1.2 Homens livres e pobres durante o escravismo

Ao lado da escravidão negra, existiam os homens livres e pobres, que não constituíam classe fundamental no sistema produtivo e estavam subjugados à dominação pessoal dos fazendeiros, submissos às barreiras ao efetivo acesso à propriedade, imposto pela estrutura dominante no sistema, ou seja, a grande propriedade latifundiária escravocrata. Ao mesmo tempo, eram utilizados para reforçar o sistema de dominação.

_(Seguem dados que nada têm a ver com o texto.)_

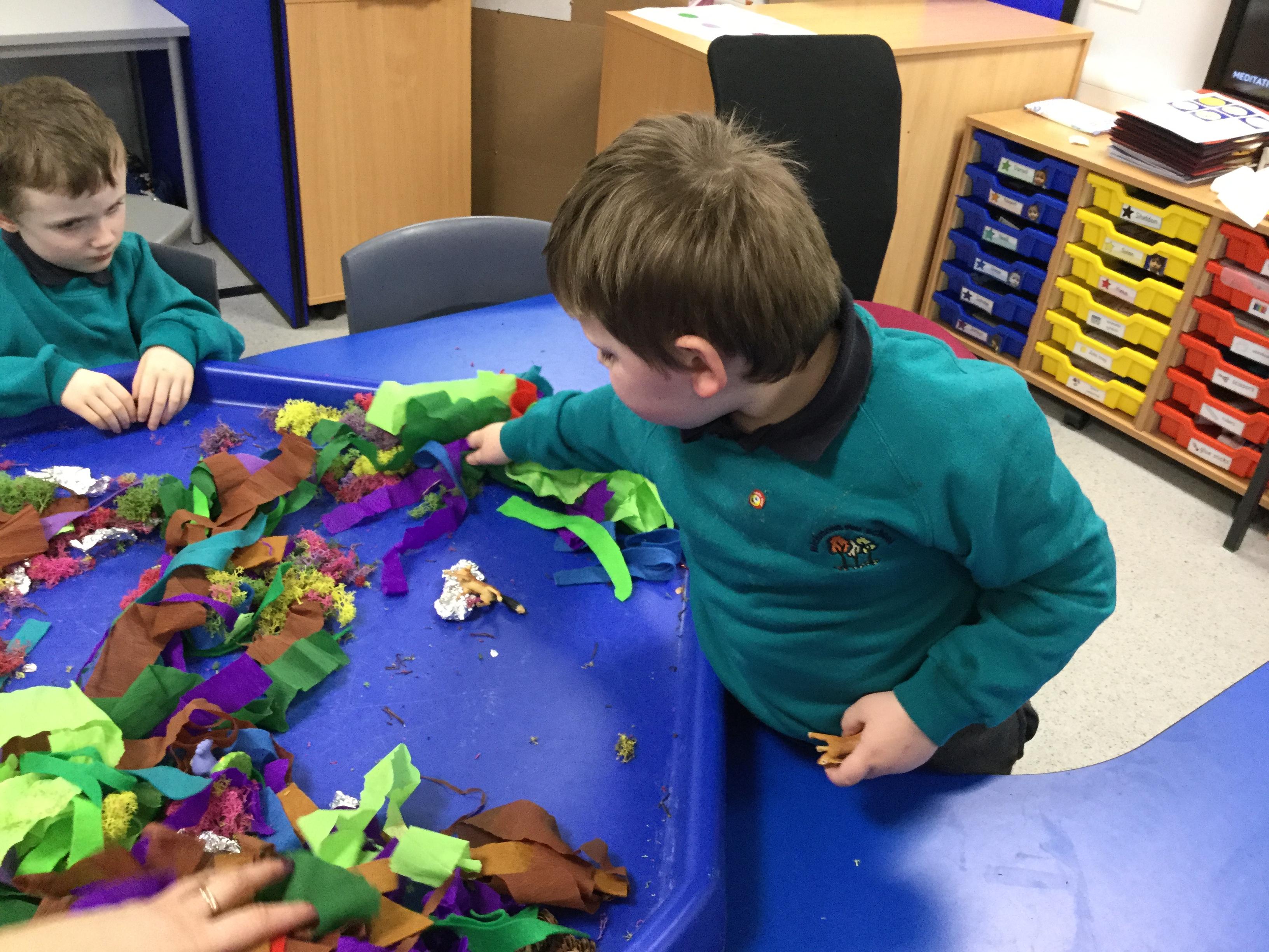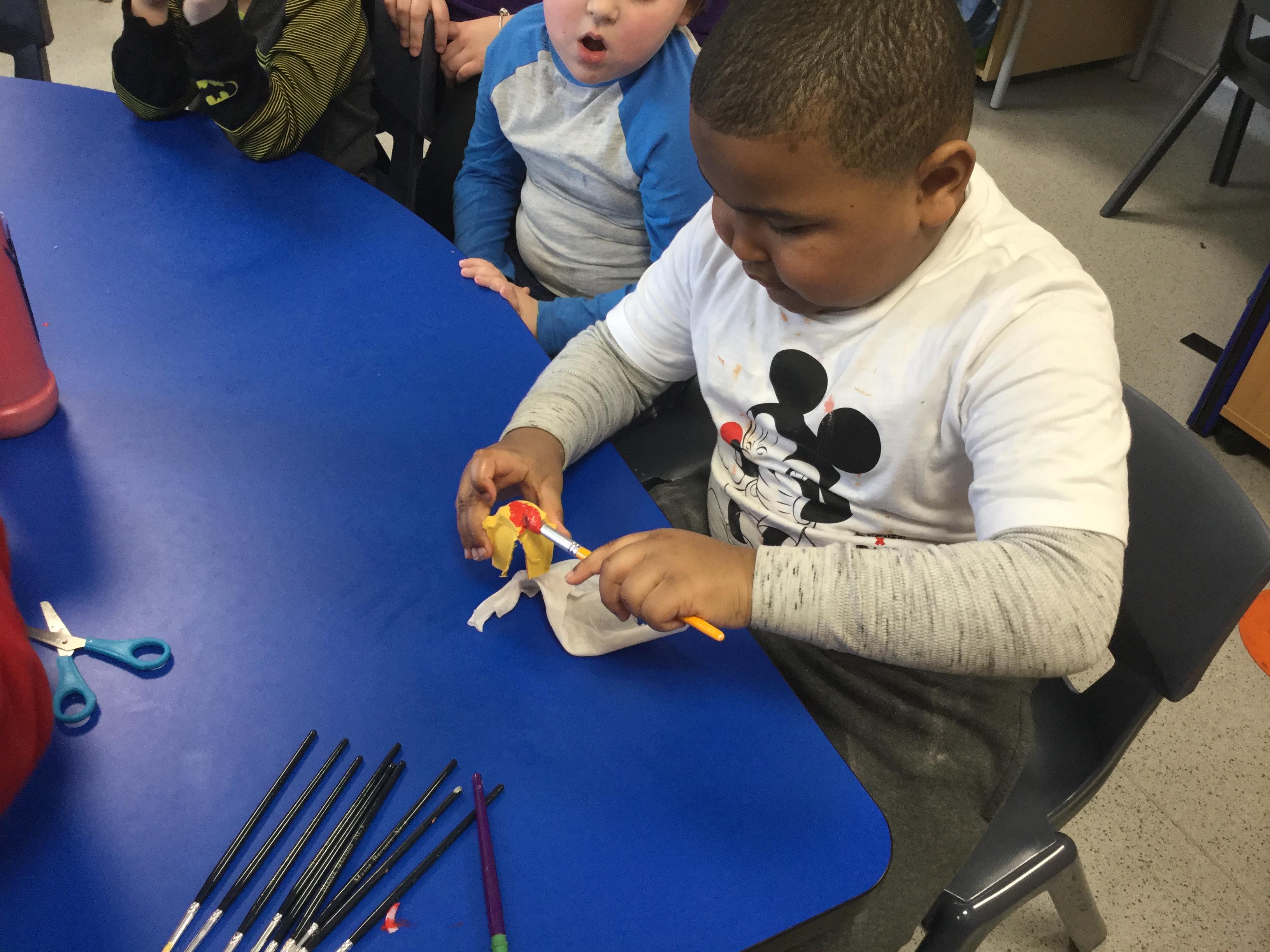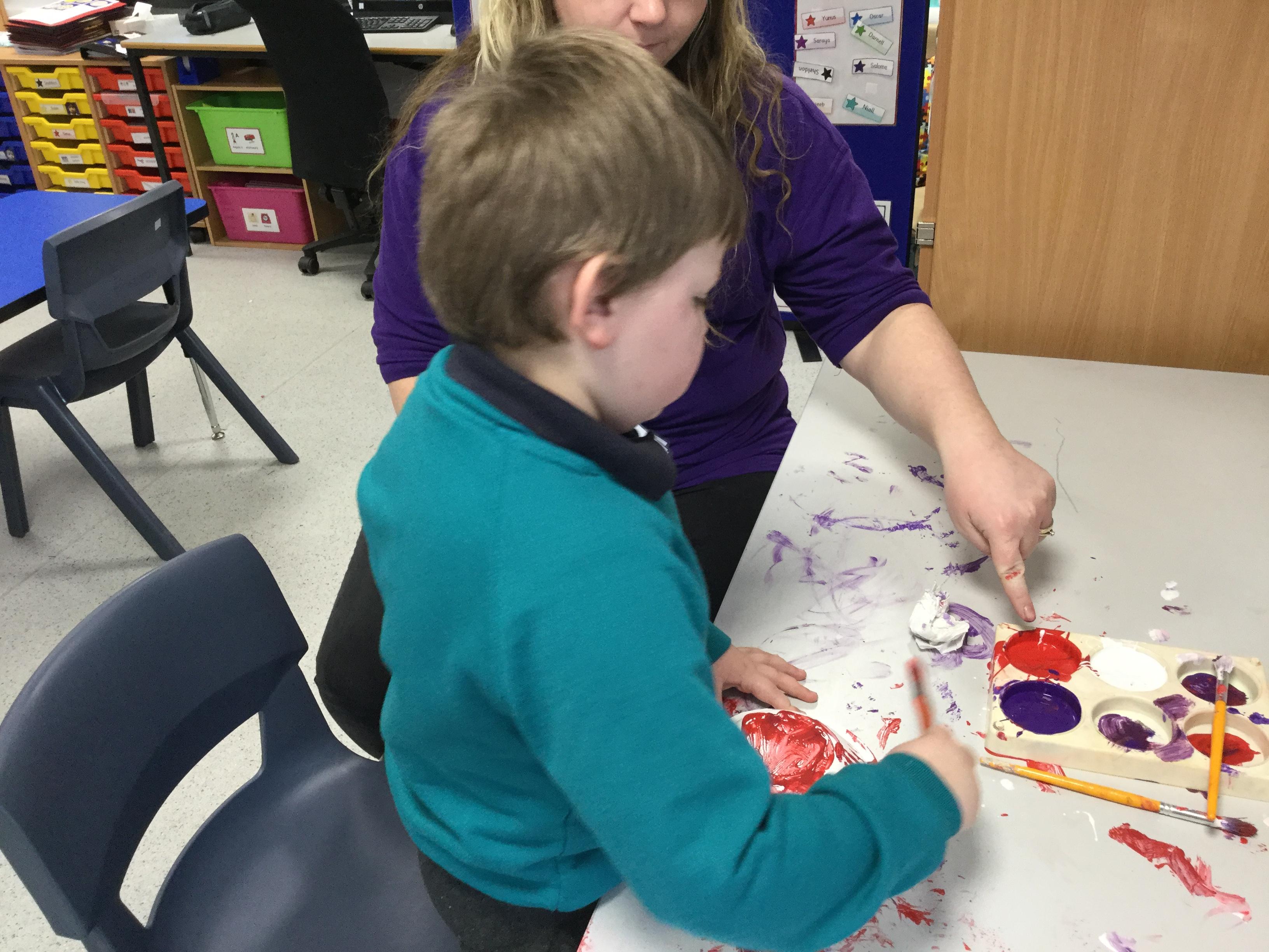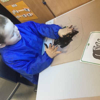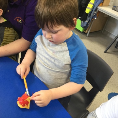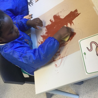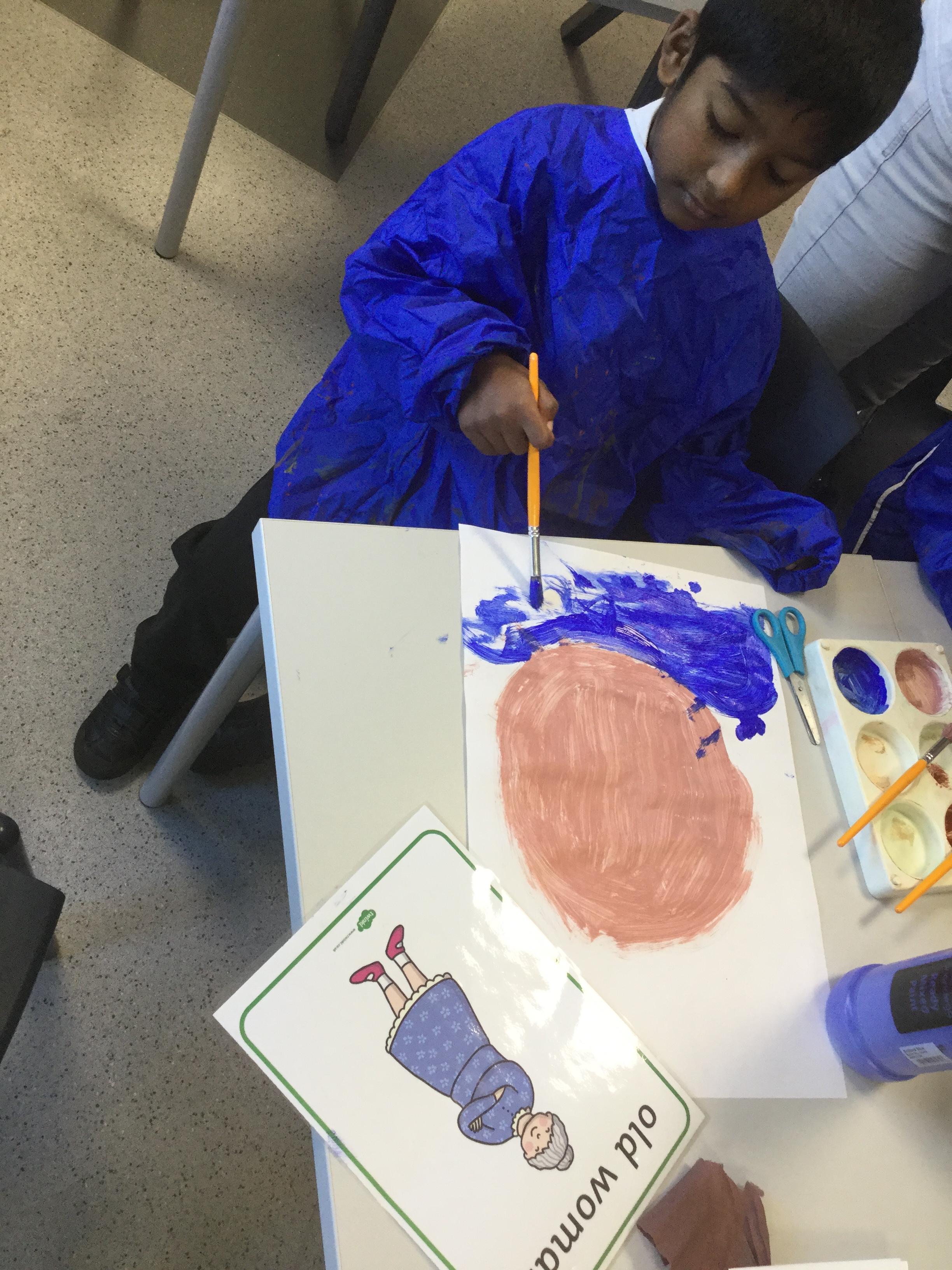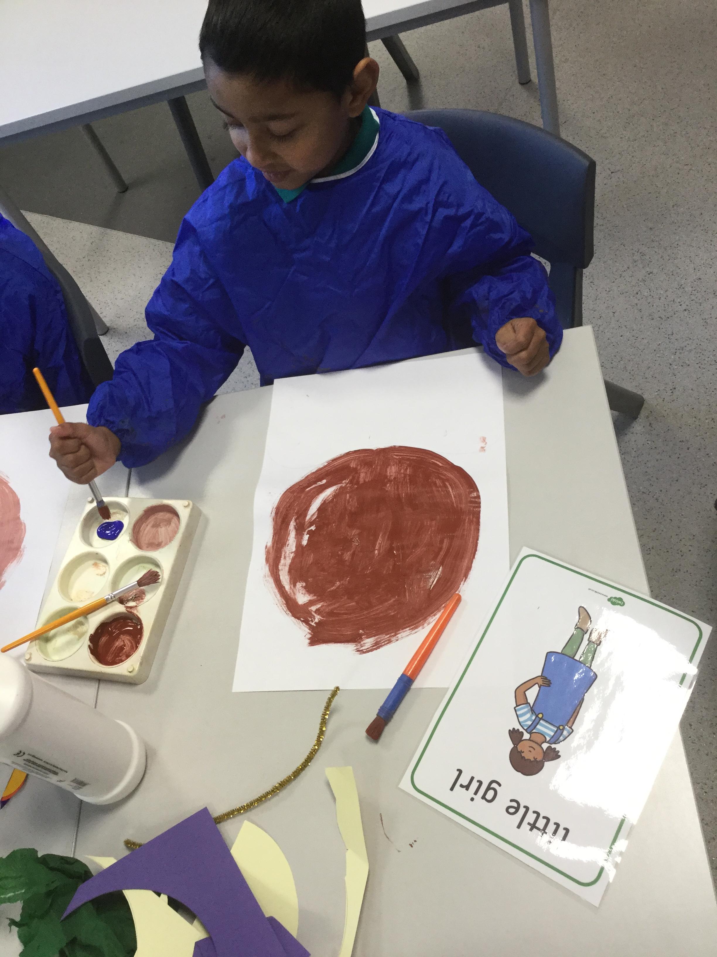 We have been having lots of fun with our story so far this term. We have been for a walk looking for the red monster, creating the monsters for our class display board, over writing or under writing the different colours with the matching felt tip and making marks using the different coloured resources.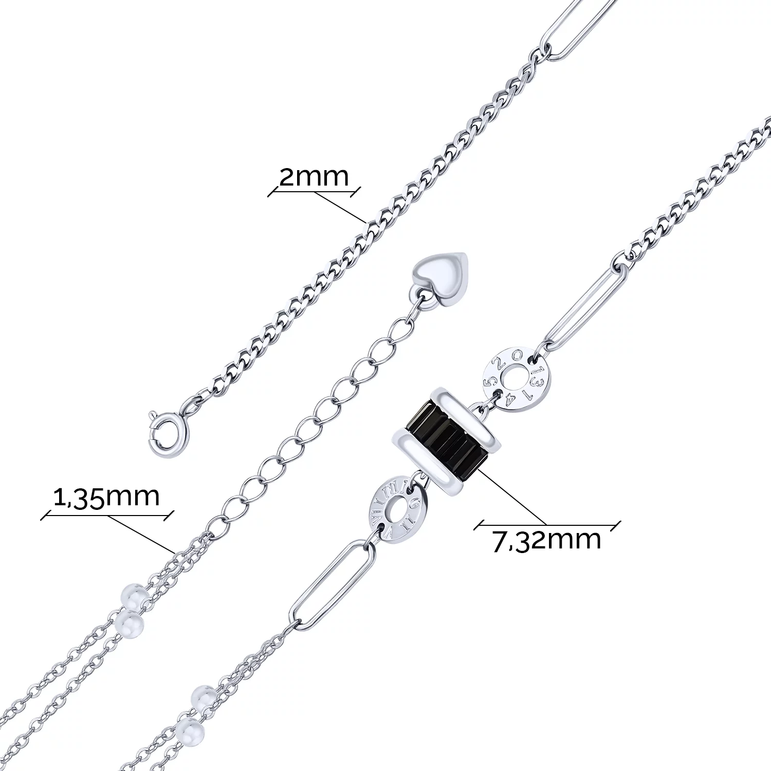 Двойной серебряный браслет с фианитом и шариками двойное плетение - 1715007

Na medida em que eram dispensáveis à ordem econômica vigente, encontravam-se totalmente dependentes dos favores dos poderosos, já que a organização econômica gerava a exclusão daqueles que, mesmo sendo livres, não conseguiam ascender à condição de senhores:

Residual do ponto de vista produtivo, destituído de significação social num sistema cujo sentido era dado pela economia escravocrata, os senhores utilizaram o homem livre para serviços de defesa, coação morte, enfim, pra toda espécie de violência, necessária para reproduzir uma forma de dominação [...]. Esse poderio sem limites e a violência nele implícita, cuja sustentação material realizava-se na exploração do trabalho escravo, só poderiam marginalizar ainda mais o homem livre: peça importante na sustentação de um sistema que supunha sua exclusão para as tarefas produtivas, esse crescente volume de indivíduos, no percorrer dos séculos foi reproduzido como uma massa imprestável para o trabalho, tida e havida pelos potentados como indolente e vadia (KOWARICK, 1994, p.30-31).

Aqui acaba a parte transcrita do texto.